Data:
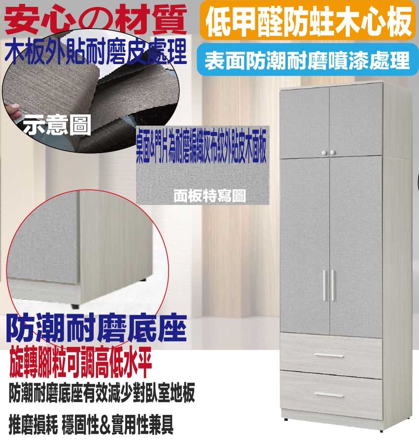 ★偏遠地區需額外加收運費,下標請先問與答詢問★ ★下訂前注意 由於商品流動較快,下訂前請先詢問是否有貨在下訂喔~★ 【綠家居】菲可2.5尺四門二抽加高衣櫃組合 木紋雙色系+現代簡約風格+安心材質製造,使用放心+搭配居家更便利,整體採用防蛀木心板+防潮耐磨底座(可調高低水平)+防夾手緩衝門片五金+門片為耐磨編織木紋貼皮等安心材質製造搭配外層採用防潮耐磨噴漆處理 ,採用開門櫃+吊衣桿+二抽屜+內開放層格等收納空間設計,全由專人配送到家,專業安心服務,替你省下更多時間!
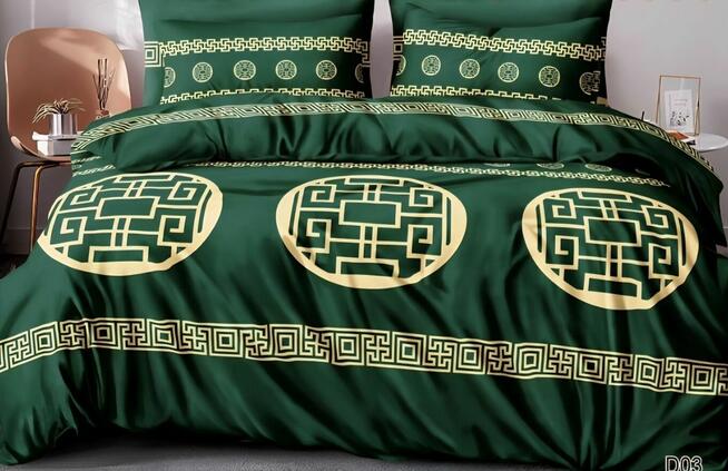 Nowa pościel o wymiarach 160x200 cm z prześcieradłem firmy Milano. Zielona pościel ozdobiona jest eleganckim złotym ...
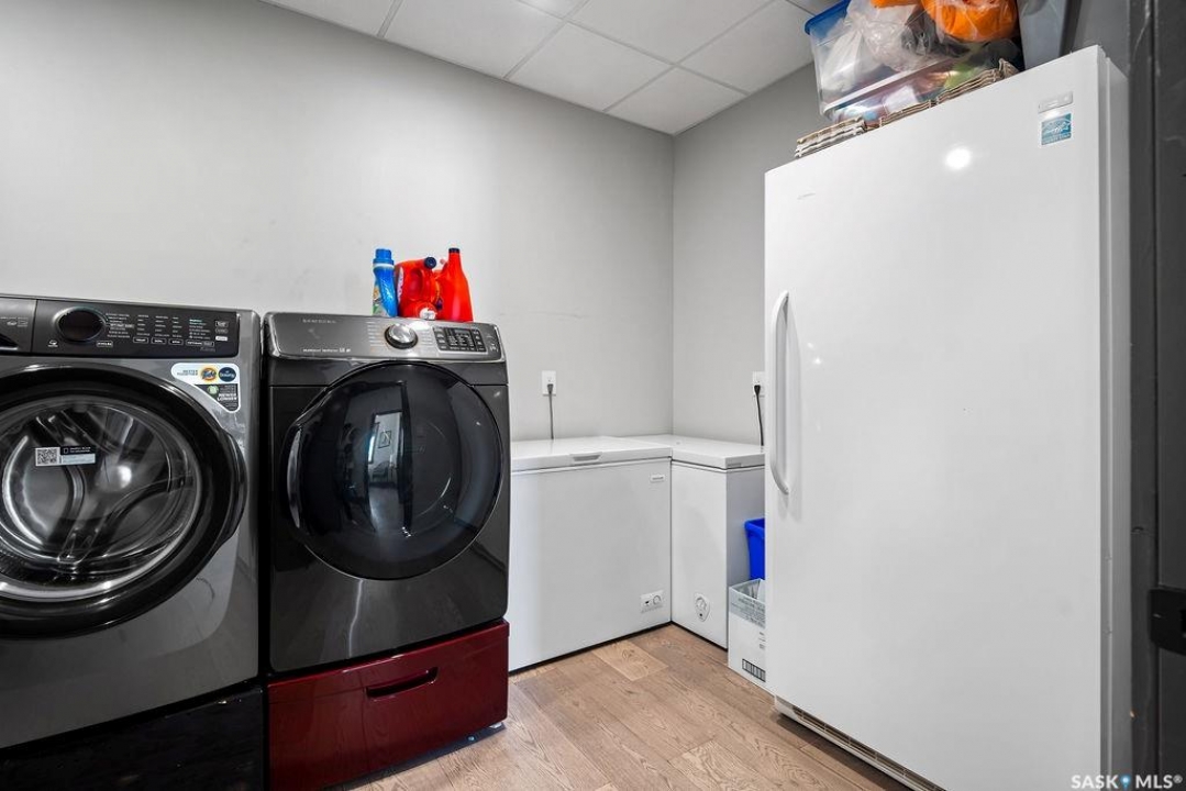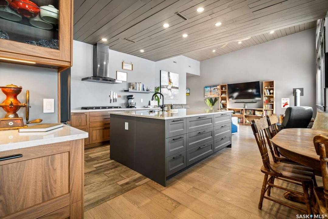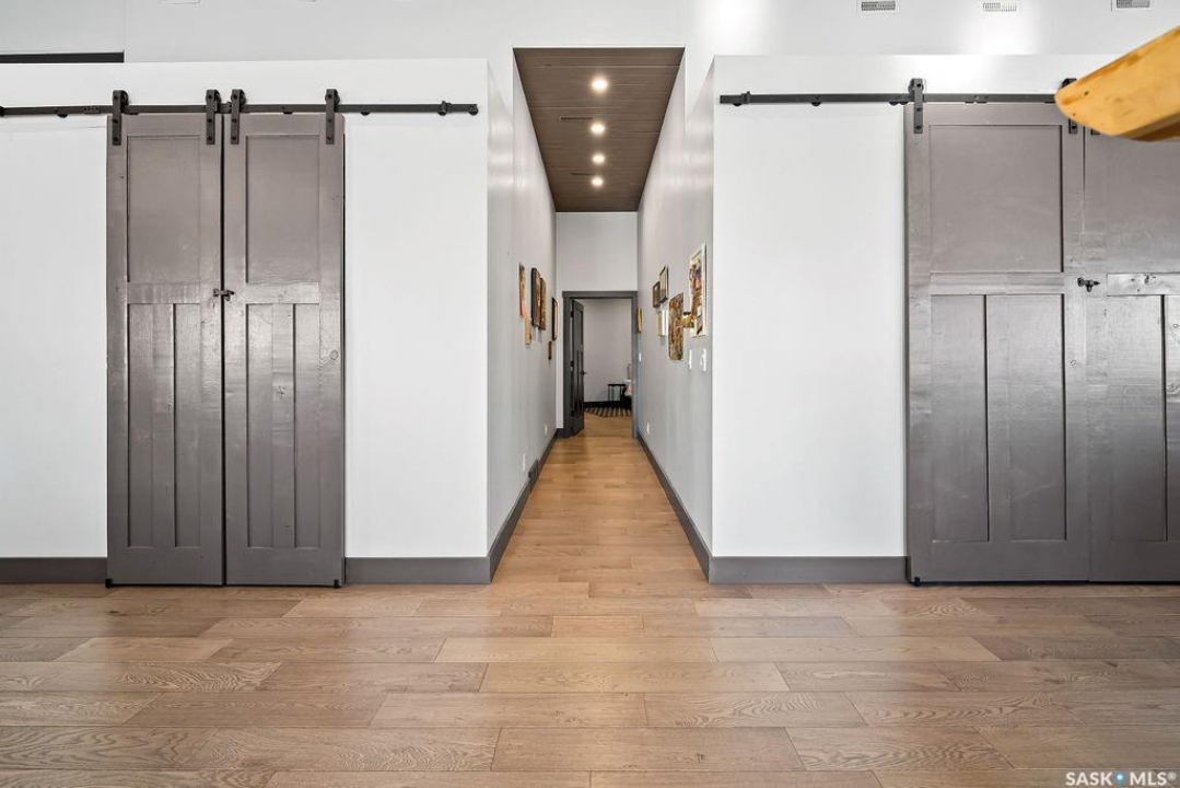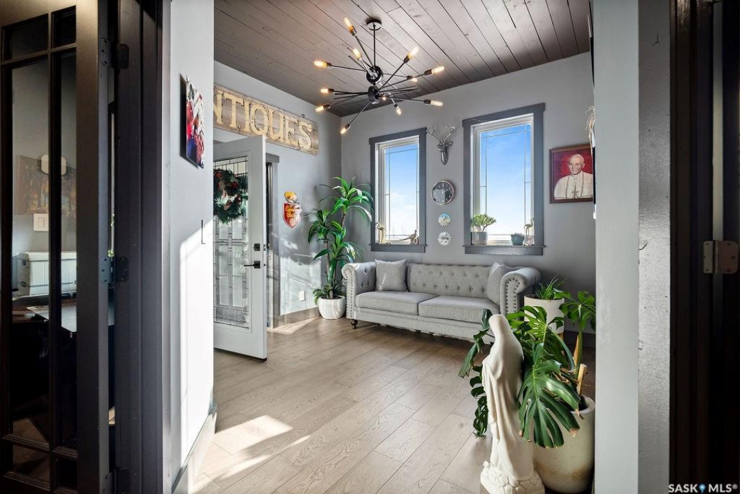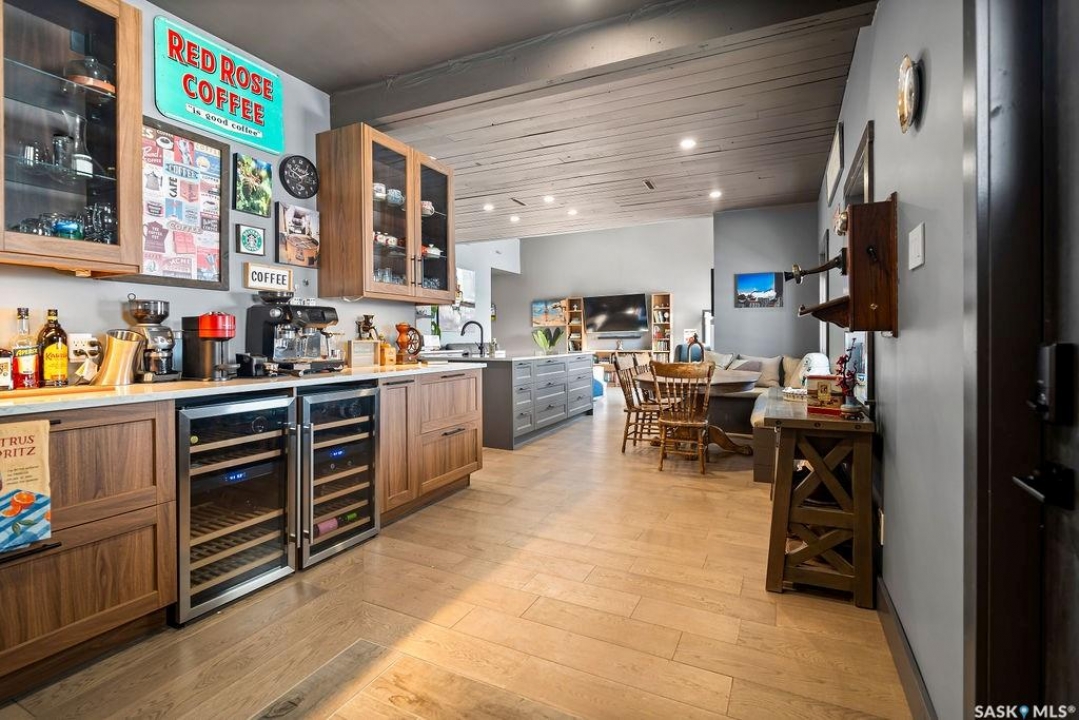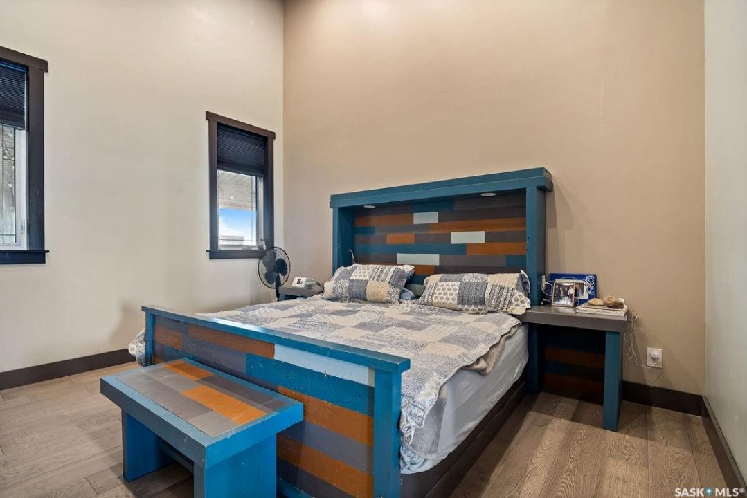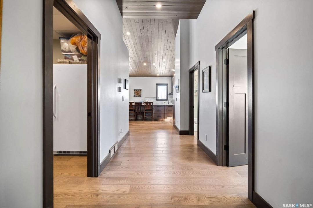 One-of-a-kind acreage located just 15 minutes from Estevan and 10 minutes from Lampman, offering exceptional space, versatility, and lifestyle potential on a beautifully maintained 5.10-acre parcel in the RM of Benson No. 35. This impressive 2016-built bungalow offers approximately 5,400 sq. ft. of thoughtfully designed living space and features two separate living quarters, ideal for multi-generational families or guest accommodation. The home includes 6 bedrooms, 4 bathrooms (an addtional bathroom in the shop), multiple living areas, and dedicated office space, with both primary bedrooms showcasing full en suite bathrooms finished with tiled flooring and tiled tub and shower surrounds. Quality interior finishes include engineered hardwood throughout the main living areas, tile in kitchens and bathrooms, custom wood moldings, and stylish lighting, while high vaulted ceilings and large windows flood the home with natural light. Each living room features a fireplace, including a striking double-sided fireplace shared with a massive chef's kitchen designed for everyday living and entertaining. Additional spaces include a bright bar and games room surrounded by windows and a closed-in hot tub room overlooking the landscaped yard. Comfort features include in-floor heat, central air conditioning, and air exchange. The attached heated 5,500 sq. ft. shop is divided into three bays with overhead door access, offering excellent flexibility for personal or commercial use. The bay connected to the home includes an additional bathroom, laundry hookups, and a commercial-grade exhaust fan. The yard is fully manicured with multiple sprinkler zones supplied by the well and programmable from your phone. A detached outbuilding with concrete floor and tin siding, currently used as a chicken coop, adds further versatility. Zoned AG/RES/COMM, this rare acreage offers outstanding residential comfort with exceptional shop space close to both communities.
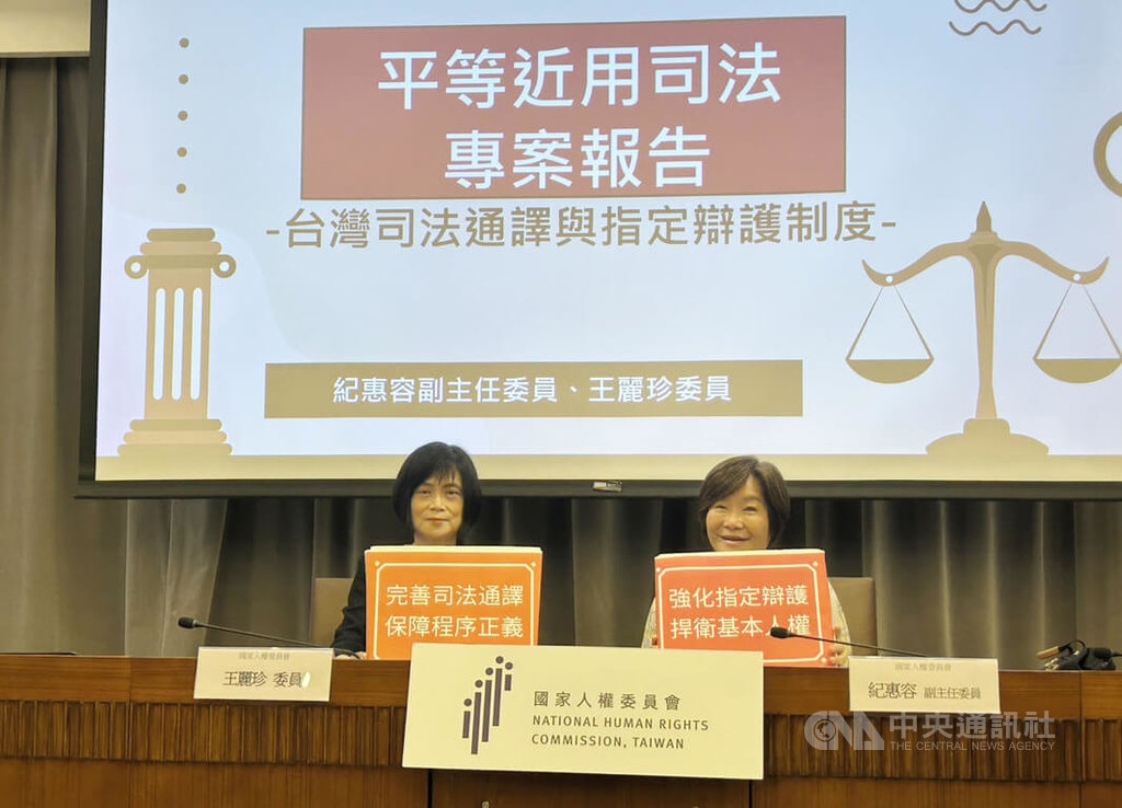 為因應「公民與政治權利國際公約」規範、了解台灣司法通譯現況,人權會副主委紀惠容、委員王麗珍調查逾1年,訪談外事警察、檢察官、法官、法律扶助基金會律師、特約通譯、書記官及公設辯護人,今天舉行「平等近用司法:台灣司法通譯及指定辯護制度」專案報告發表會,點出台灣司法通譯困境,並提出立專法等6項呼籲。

Directions: Give every line above again exactly, omitting whatever pictures appear.

Answer below:
 ★偏遠地區需額外加收運費,下標請先問與答詢問★ ★下訂前注意 由於商品流動較快,下訂前請先詢問是否有貨在下訂喔~★ 【綠家居】菲可2.5尺四門二抽加高衣櫃組合 木紋雙色系+現代簡約風格+安心材質製造,使用放心+搭配居家更便利,整體採用防蛀木心板+防潮耐磨底座(可調高低水平)+防夾手緩衝門片五金+門片為耐磨編織木紋貼皮等安心材質製造搭配外層採用防潮耐磨噴漆處理 ,採用開門櫃+吊衣桿+二抽屜+內開放層格等收納空間設計,全由專人配送到家,專業安心服務,替你省下更多時間!
 Nowa pościel o wymiarach 160x200 cm z prześcieradłem firmy Milano. Zielona pościel ozdobiona jest eleganckim złotym ...
 One-of-a-kind acreage located just 15 minutes from Estevan and 10 minutes from Lampman, offering exceptional space, versatility, and lifestyle potential on a beautifully maintained 5.10-acre parcel in the RM of Benson No. 35. This impressive 2016-built bungalow offers approximately 5,400 sq. ft. of thoughtfully designed living space and features two separate living quarters, ideal for multi-generational families or guest accommodation. The home includes 6 bedrooms, 4 bathrooms (an addtional bathroom in the shop), multiple living areas, and dedicated office space, with both primary bedrooms showcasing full en suite bathrooms finished with tiled flooring and tiled tub and shower surrounds. Quality interior finishes include engineered hardwood throughout the main living areas, tile in kitchens and bathrooms, custom wood moldings, and stylish lighting, while high vaulted ceilings and large windows flood the home with natural light. Each living room features a fireplace, including a striking double-sided fireplace shared with a massive chef's kitchen designed for everyday living and entertaining. Additional spaces include a bright bar and games room surrounded by windows and a closed-in hot tub room overlooking the landscaped yard. Comfort features include in-floor heat, central air conditioning, and air exchange. The attached heated 5,500 sq. ft. shop is divided into three bays with overhead door access, offering excellent flexibility for personal or commercial use. The bay connected to the home includes an additional bathroom, laundry hookups, and a commercial-grade exhaust fan. The yard is fully manicured with multiple sprinkler zones supplied by the well and programmable from your phone. A detached outbuilding with concrete floor and tin siding, currently used as a chicken coop, adds further versatility. Zoned AG/RES/COMM, this rare acreage offers outstanding residential comfort with exceptional shop space close to both communities.
 為因應「公民與政治權利國際公約」規範、了解台灣司法通譯現況,人權會副主委紀惠容、委員王麗珍調查逾1年,訪談外事警察、檢察官、法官、法律扶助基金會律師、特約通譯、書記官及公設辯護人,今天舉行「平等近用司法:台灣司法通譯及指定辯護制度」專案報告發表會,點出台灣司法通譯困境,並提出立專法等6項呼籲。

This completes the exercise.